After the books in the publishing house, it is usually reviewed by like up to
5 editors who give their opinion before it's handed over to one editor who
they believe is the best for it. You then get an editor, who through multiple
revisions helps the author get the book to a better standard and quite often
to more closely resemble the authors original idea.

I've worked with editors, and they're very passionate and put a lot of
themselves into the work. This isn't something you're going to get at some
slapped together organization. The argument that they're being replaced by
digg (in the disaggregate link) is completely laughable, I'm sorry but digg
and HN link mostly to articles at websites that all have editors. Just because
people aren't committed to one information source and choose their own news
(hence why some people get several news papers in the morning) doesn't mean
the editors job is [gone].

Then he argues that it's help authors by allowing them to produce more
books... Some authors release a book every few years and some release one
nearly every 3 months (Stephen King). This isn't an efficiency model that can
simply be stepped up by a new technology. It's an entirely ignorant argument.

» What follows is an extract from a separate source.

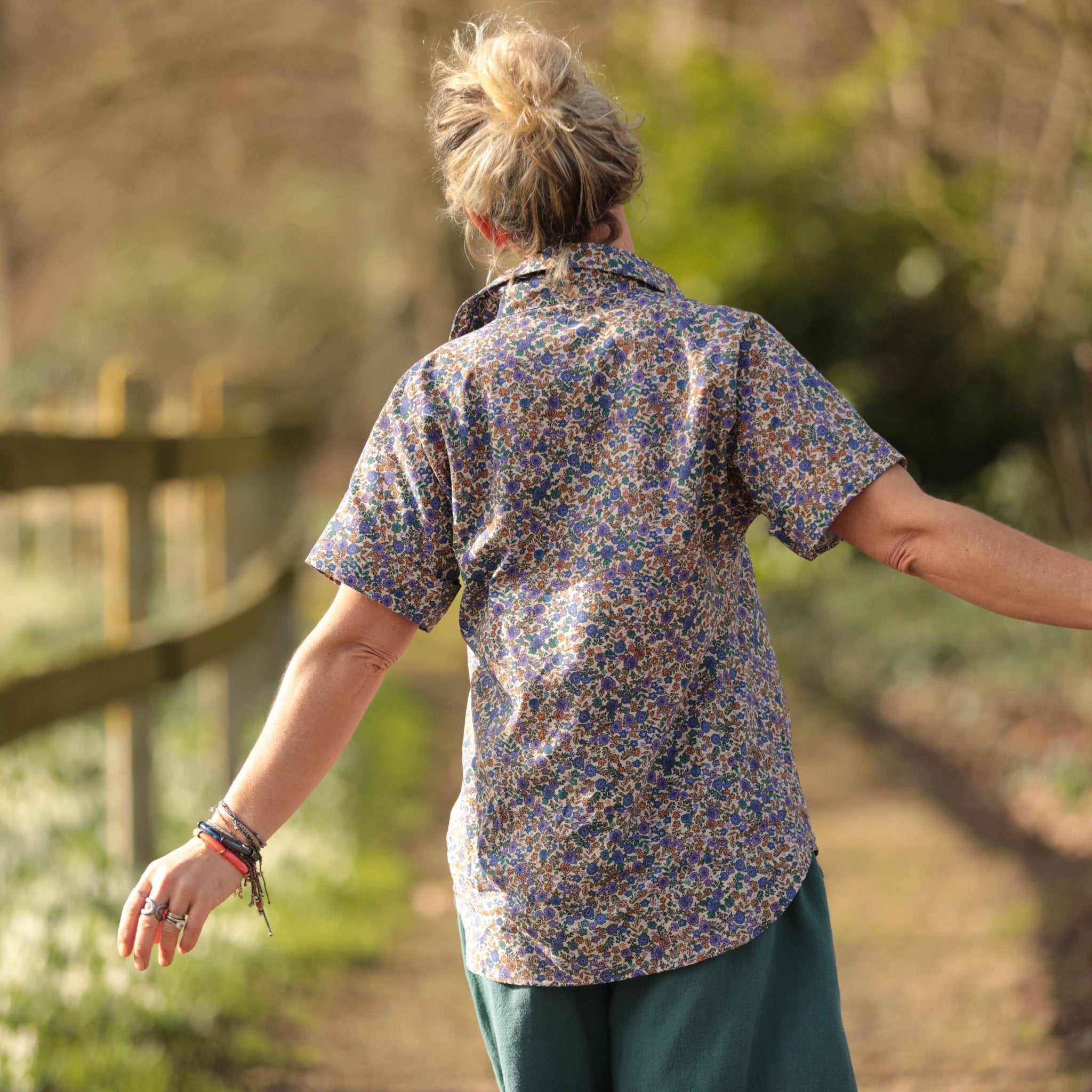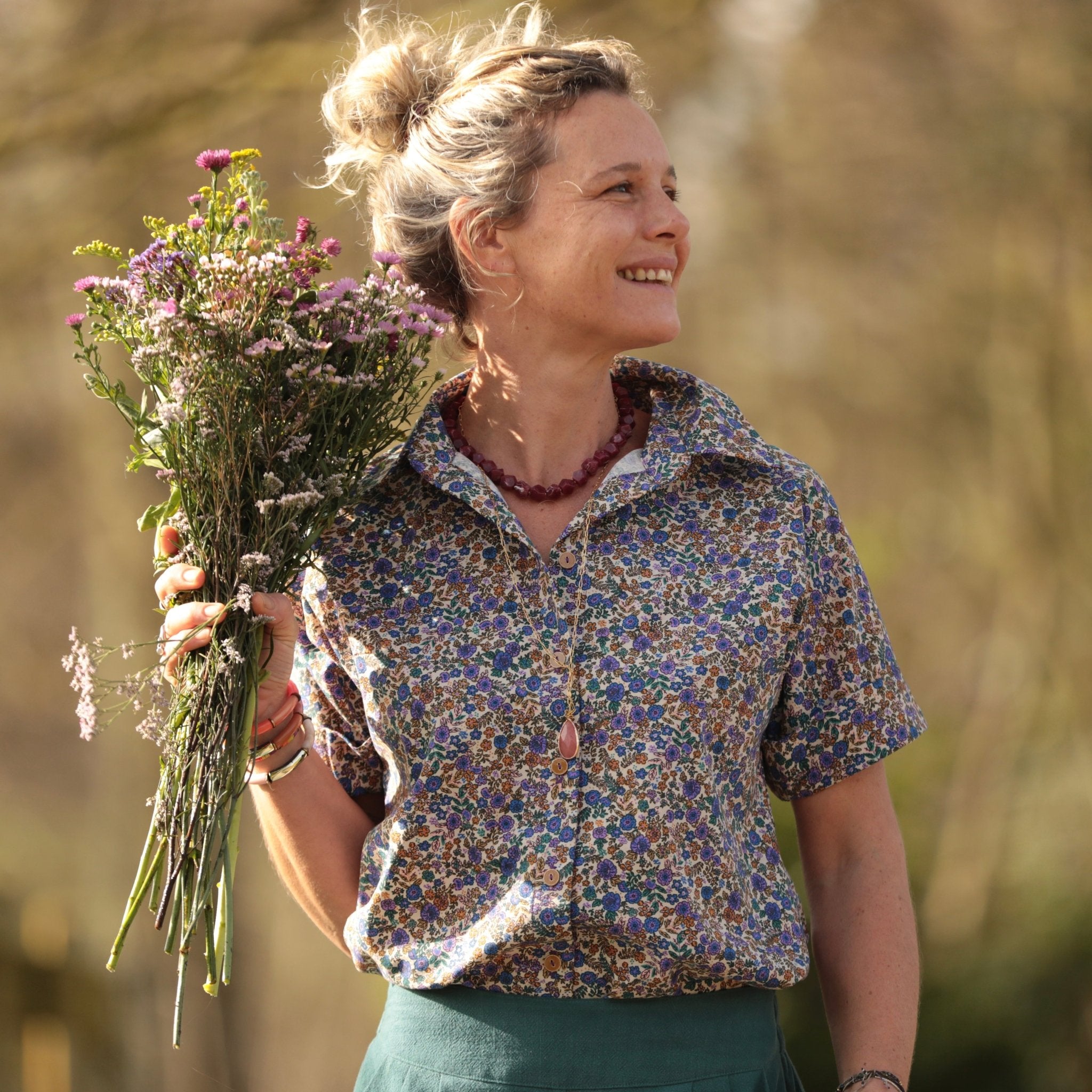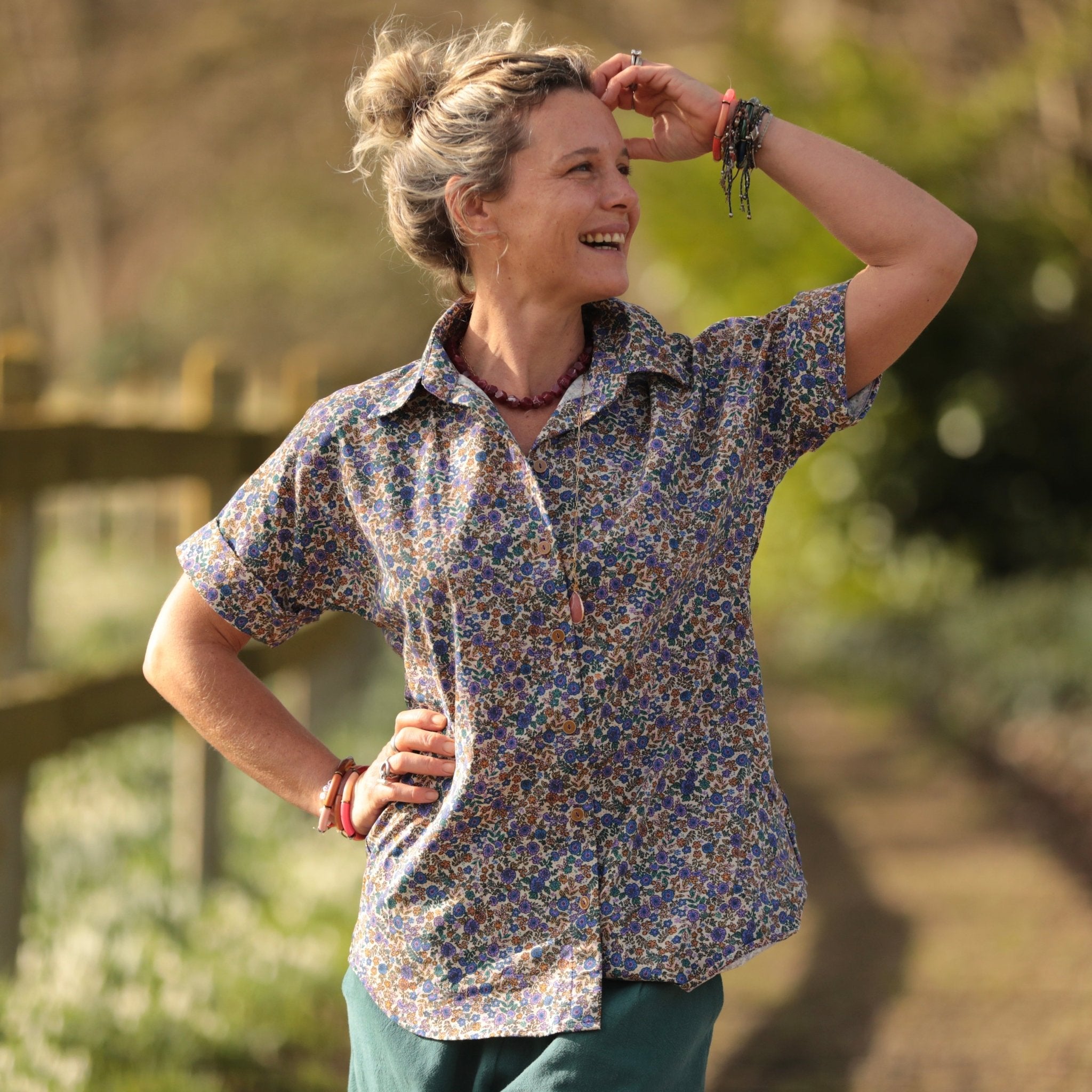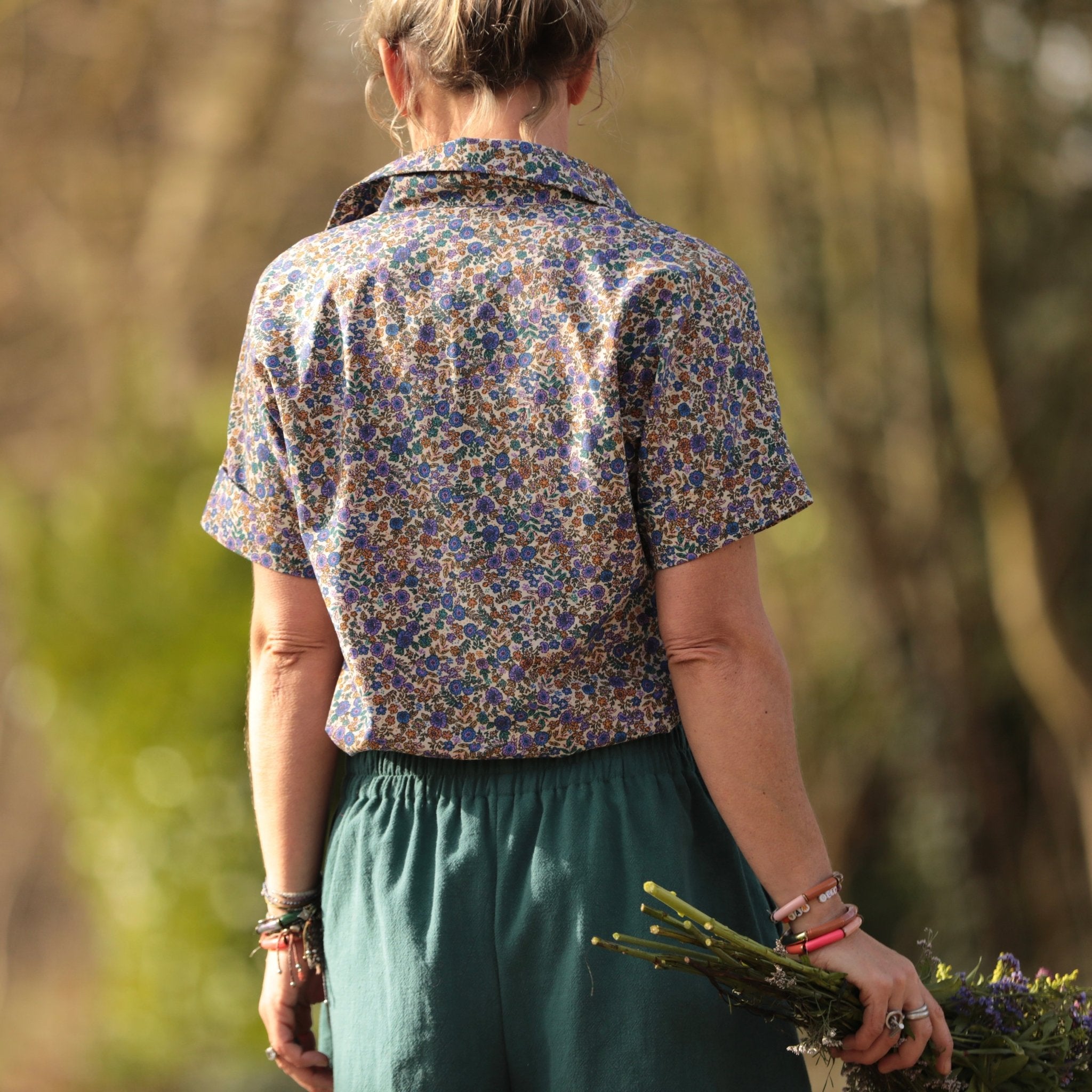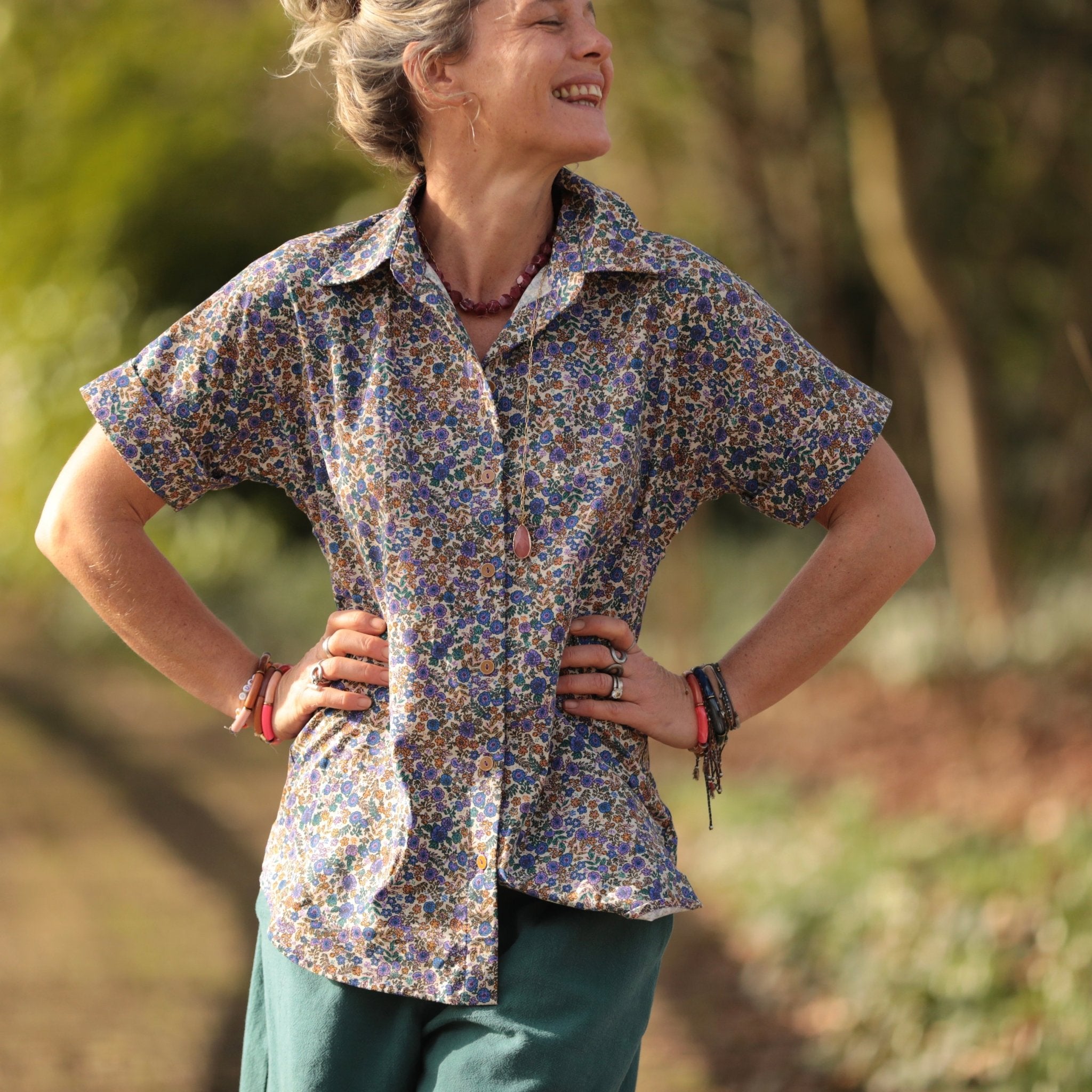 La chemise Honorine se porte facilement avec un jean clair pour une allure lumineuse, un pantalon écru pour une harmonie douce ou une jupe fluide pour une silhouette plus romantique. Son motif floral apporte une touche de couleur subtile au vestiaire.

This article is just plain bad. No one should sell their work at $9.99 a copy
if it isn't going to cover the costs. In the publishing world especially, you
should never release a copy for such a low price when the majority of books
make most of their money in the first few months to a year when the book is
priced the highest.

I hate these articles, because they're always written by people who are so
uninformed on the issues. They're by people who assume the end is nigh for
corporate publishing, despite the fact that there's been little to no effect
on traditional publishing media, in fact global book sales have been on an
increase over the past years.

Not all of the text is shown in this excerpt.